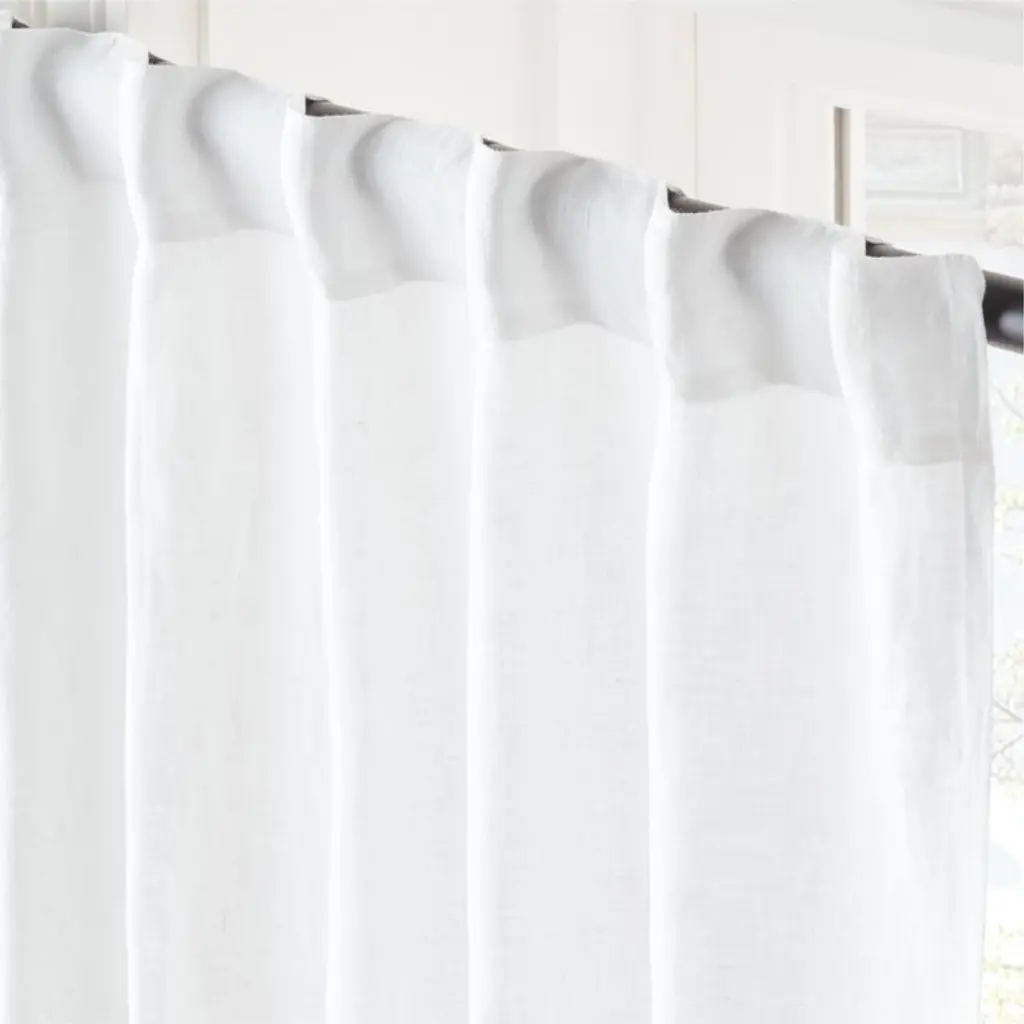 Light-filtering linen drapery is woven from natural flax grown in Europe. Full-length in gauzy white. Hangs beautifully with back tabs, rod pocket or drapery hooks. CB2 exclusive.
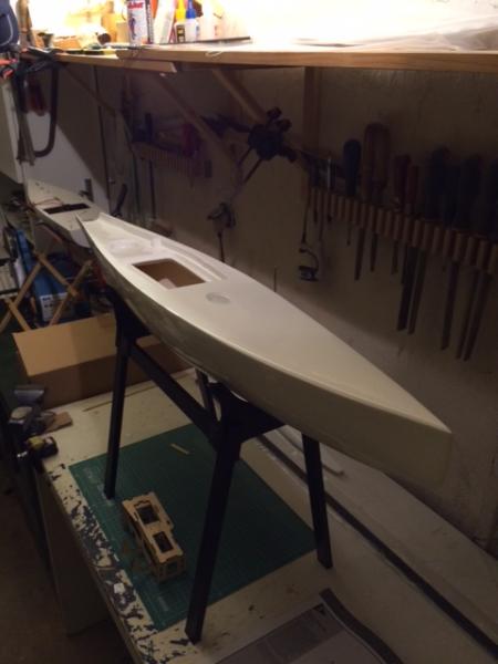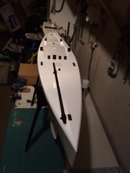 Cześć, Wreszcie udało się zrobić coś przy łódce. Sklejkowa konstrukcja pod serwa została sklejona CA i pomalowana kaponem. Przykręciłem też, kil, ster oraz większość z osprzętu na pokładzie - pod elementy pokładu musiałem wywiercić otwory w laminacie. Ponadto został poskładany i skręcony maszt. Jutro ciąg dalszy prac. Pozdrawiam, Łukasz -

* * * * *

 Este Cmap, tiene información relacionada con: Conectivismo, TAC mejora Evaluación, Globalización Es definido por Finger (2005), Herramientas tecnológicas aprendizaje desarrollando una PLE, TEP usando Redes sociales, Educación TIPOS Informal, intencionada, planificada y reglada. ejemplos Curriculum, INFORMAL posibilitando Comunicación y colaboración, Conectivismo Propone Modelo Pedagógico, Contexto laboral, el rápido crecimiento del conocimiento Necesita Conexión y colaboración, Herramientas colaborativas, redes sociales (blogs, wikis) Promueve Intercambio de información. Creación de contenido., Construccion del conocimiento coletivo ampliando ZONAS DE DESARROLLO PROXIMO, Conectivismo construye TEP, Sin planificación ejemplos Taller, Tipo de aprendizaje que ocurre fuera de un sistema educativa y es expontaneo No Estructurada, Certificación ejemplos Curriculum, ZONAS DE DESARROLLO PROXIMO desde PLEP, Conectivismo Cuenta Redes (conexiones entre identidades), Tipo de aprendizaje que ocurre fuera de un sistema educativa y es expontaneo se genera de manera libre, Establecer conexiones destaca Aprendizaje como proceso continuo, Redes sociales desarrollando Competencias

* * * * *

> [PROBLEM TO WORK ON]
Using the data above, return the lines from the one holding "Light-filtering linen drapery" through the one holding "Cześć, Wreszcie udało" exactly, but not the pictures.

> [EXERCISE ANSWER]
 Light-filtering linen drapery is woven from natural flax grown in Europe. Full-length in gauzy white. Hangs beautifully with back tabs, rod pocket or drapery hooks. CB2 exclusive.
 Cześć, Wreszcie udało się zrobić coś przy łódce. Sklejkowa konstrukcja pod serwa została sklejona CA i pomalowana kaponem. Przykręciłem też, kil, ster oraz większość z osprzętu na pokładzie - pod elementy pokładu musiałem wywiercić otwory w laminacie. Ponadto został poskładany i skręcony maszt. Jutro ciąg dalszy prac. Pozdrawiam, Łukasz -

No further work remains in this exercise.